Growing up in Compton, Calif., DuVernay herself had never thought about being a filmmaker. Upon graduating from UCLA with degrees in English and African-American studies, she became a movie publicist and managed publicity campaigns for numerous directors, including Clint Eastwood and Steven Spielberg. Not seeing accurate images of her community in many of the films she promoted, DuVernay grabbed a camera and started producing and self-marketing shorts and documentaries. In 2010 — after her initial efforts were well received on the festival circuit and upon piecing together a limited national distribution network outside of the traditional reach of Hollywood — DuVernay launched AFFRM, the African-American Film Festival Releasing Movement, a screening and promotional vehicle for Black and women filmmakers.

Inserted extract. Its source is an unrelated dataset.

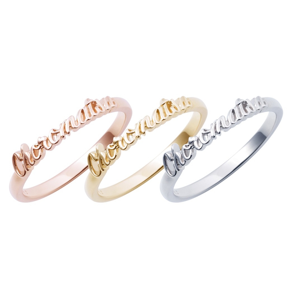 6つ子それぞれの名前をおしゃれなネームリングに仕立て、ゴールドのカラーはピンク/イエロー/ホワイトの3色から選択可能です。 |

Starting with her critically acclaimed $50,000-budget film “I Will Follow,” DuVernay began releasing independent full-length features and those inside and outside of Hollywood began taking notice. Among them were emerging and established actors like David Oyelowo, Salli Richardson-Whitfield and Blair Underwood, who offered their services to DuVernay in support of her cause with relatively little compensation expected. In 2012, DuVernay’s “Middle of Nowhere” won her the Best Director award at Sundance, and in 2014, after being pulled in to direct the project by Oyelowo as a last-minute replacement, DuVernay’s “Selma” was nominated for Best Picture at the Oscars.

Still, if Hollywood thought such big-screen success would change or co-opt the now internationally known director, it had another thing coming. In May 2015, the activist took her rebellion to Twitter as she organized a widely attended “Rebel-a-Thon” that brought more than 40 Black filmmakers and celebs together in the Twitterverse, including Debbie Allen, Malcolm D. Lee and Oprah, to engage the masses and promote AFFRM’s 2015 Rebel membership drive. Four months later, in September, DuVernay rebranded AFFRM as ARRAY, to ensure African-Americans, women and filmmakers from the African diaspora were more effectively being promoted, seen and heard.

“I love her heart, her spirit and her consciousness,” offers Ada Babineaux, filmmaker and founder of Nommo Speaker’s Bureau, a booking agency for speakers, filmmakers and artists of color. Babineaux also admires how DuVernay has surrounded herself with a lot of the same people — including her cinematographer, current Oscar nominee Branford Young — regardless of her rising profile. “For her to keep the people she started with and then bring on more women of color to direct is phenomenal,” she says.

Concurrent with DuVernay’s high-profile activism, when it comes to film, a lot is changing whether Tinsel Town likes it or not. Over the past decade, a combination of factors have conspired to impact an increasingly out-of-touch Hollywood’s traditional grip on viewers, including the maturing of a younger generation diverse in both ethnicity and taste; the growing demands for inclusion by African-Americans, women and other socially marginalized groups; rapidly changing and more cost-effective technologies; and the much-publicized ‘Golden Age of the Small Screen’ and its provision of additional options for filmmakers, artists and viewers.

And while DuVernay’s timing and impact in the midst of such industry fluidity has been extraordinary, Babineaux clarifies that DuVernay, as the Oscar nominee herself has consistently said, didn’t “start this in a shell. She’s been handed the baton by people she treasures on the independent circuit,” a list including the likes of Julie Dash, Euzhan Palcy, Haile Gerima, Neema Barnette, Charles Burnett and fellow Oscar nominee Raoul Peck, to name a few. That acknowledged, “This is her time,” insists Babineaux, noting “some people can only ride that wave for a little bit, but she is putting a firm foundation around herself to keep moving forward.”

The great thing about it, continues Babineaux, is Duvernay fully knows “she can do films with or without Hollywood. You have to know that if Hollywood didn’t make you, then they can’t break you.

“And if you have a firm foundation of who you are, what your purpose is in this life and what you’ve been called forth to do, then you’ll move forward and do it regardless of whether you have the support of Hollywood or not.”